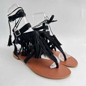 New Forever 21 Fringe Thong Sandals Up Leg Ties Black 6.5
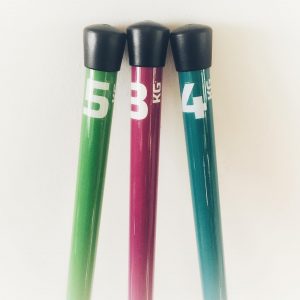 „Bodybars“ = „Gewichtsstangen gibt es von sehr leicht (1 kg) bis 8 kg. Letzteres entspricht dann schon einer leeren Langhantelstange eines Schraub- oder Clip-Hantelsystems. Bodybars sind leicht zu verstauen und nicht sehr teuer.
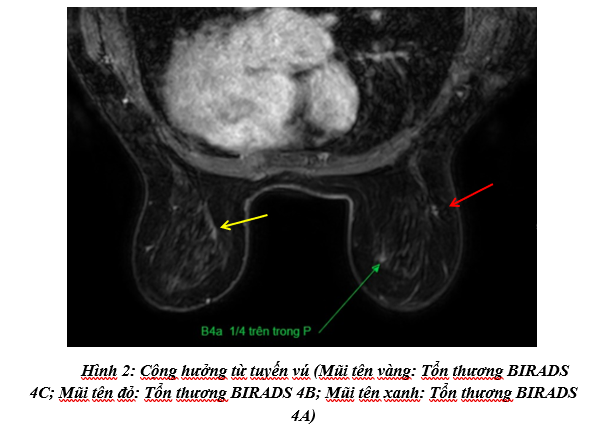 Vú phải: Vị trú khoảng 9h vùng đuôi vú, có nốt kích thước 8x11 mm (BIRADS 4B), kèm dải ngấm thuốc chạy về phía trước dài 27mm. Vị trí 2h cách núm vú 3cm có nốt nhỏ đường kính 5mm (BIRADS 4A).
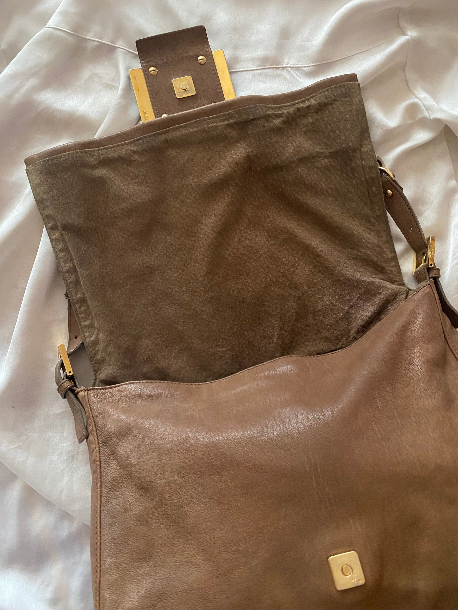 Iconica fendi mamma baguette marrone completamente in pelle. La pelle è morbidissima e lucida. Gli angoli sono perfetti. Usata con qualche segno su pelle, hardware e interno, buonissime condizioni generali.
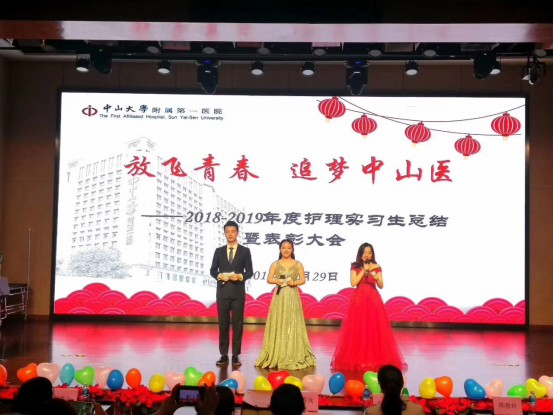 2019年3月29日下午,中山大学附属第一医院(以下简称中大附一)在中山一院1号楼17楼时代国际会议中心举行了2018年度护理实习生年度总结暨毕业汇演大会。医院护理部陈利芬主任、柯彩霞老师、外科片长罗凝香老师、内科片长张楠老师、临床各科室护长和带教老师、各校指导老师以及全体护理实习生共350余人参加此次大会。我院执行院长王秀岚教授、实习指导老师郭运芳老师受邀出席本次大会。
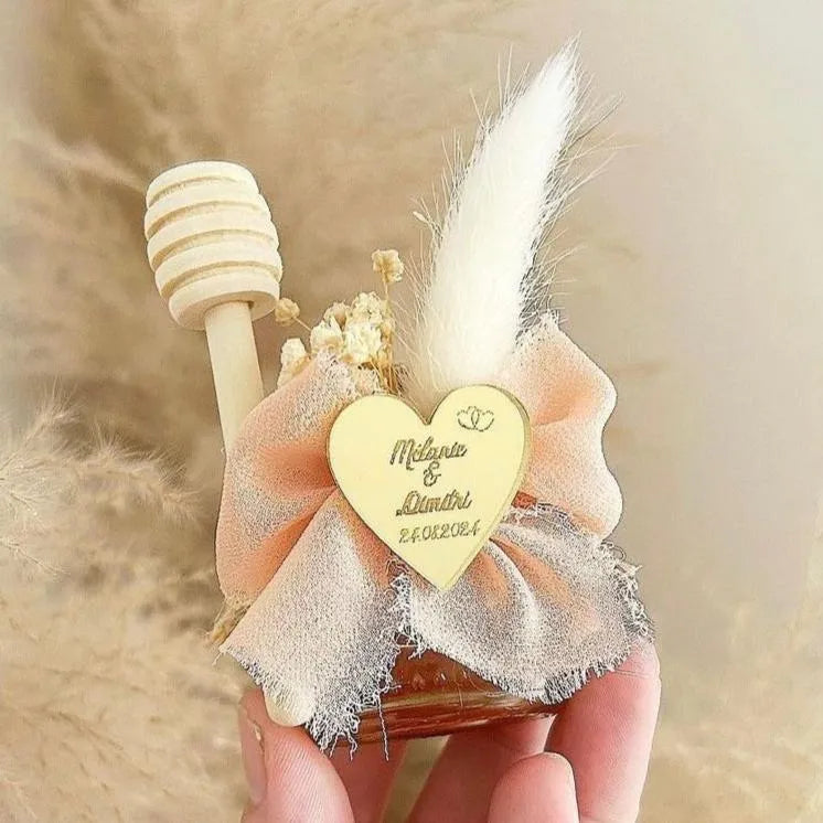 Verschenken Sie ein raffiniertes, personalisiertes Honigglas – eine süße Überraschung, die Ihre Gäste begeistert. Ideal als Gastgeschenk zur Hochzeit oder Taufe

════════════════════

Assigned task: Every line of the material should be repeated precisely; pictures are to be excluded.

Result of this exercise:
 New Forever 21 Fringe Thong Sandals Up Leg Ties Black 6.5
 „Bodybars“ = „Gewichtsstangen gibt es von sehr leicht (1 kg) bis 8 kg. Letzteres entspricht dann schon einer leeren Langhantelstange eines Schraub- oder Clip-Hantelsystems. Bodybars sind leicht zu verstauen und nicht sehr teuer.
 Vú phải: Vị trú khoảng 9h vùng đuôi vú, có nốt kích thước 8x11 mm (BIRADS 4B), kèm dải ngấm thuốc chạy về phía trước dài 27mm. Vị trí 2h cách núm vú 3cm có nốt nhỏ đường kính 5mm (BIRADS 4A).
 Iconica fendi mamma baguette marrone completamente in pelle. La pelle è morbidissima e lucida. Gli angoli sono perfetti. Usata con qualche segno su pelle, hardware e interno, buonissime condizioni generali.
 2019年3月29日下午,中山大学附属第一医院(以下简称中大附一)在中山一院1号楼17楼时代国际会议中心举行了2018年度护理实习生年度总结暨毕业汇演大会。医院护理部陈利芬主任、柯彩霞老师、外科片长罗凝香老师、内科片长张楠老师、临床各科室护长和带教老师、各校指导老师以及全体护理实习生共350余人参加此次大会。我院执行院长王秀岚教授、实习指导老师郭运芳老师受邀出席本次大会。
 Verschenken Sie ein raffiniertes, personalisiertes Honigglas – eine süße Überraschung, die Ihre Gäste begeistert. Ideal als Gastgeschenk zur Hochzeit oder Taufe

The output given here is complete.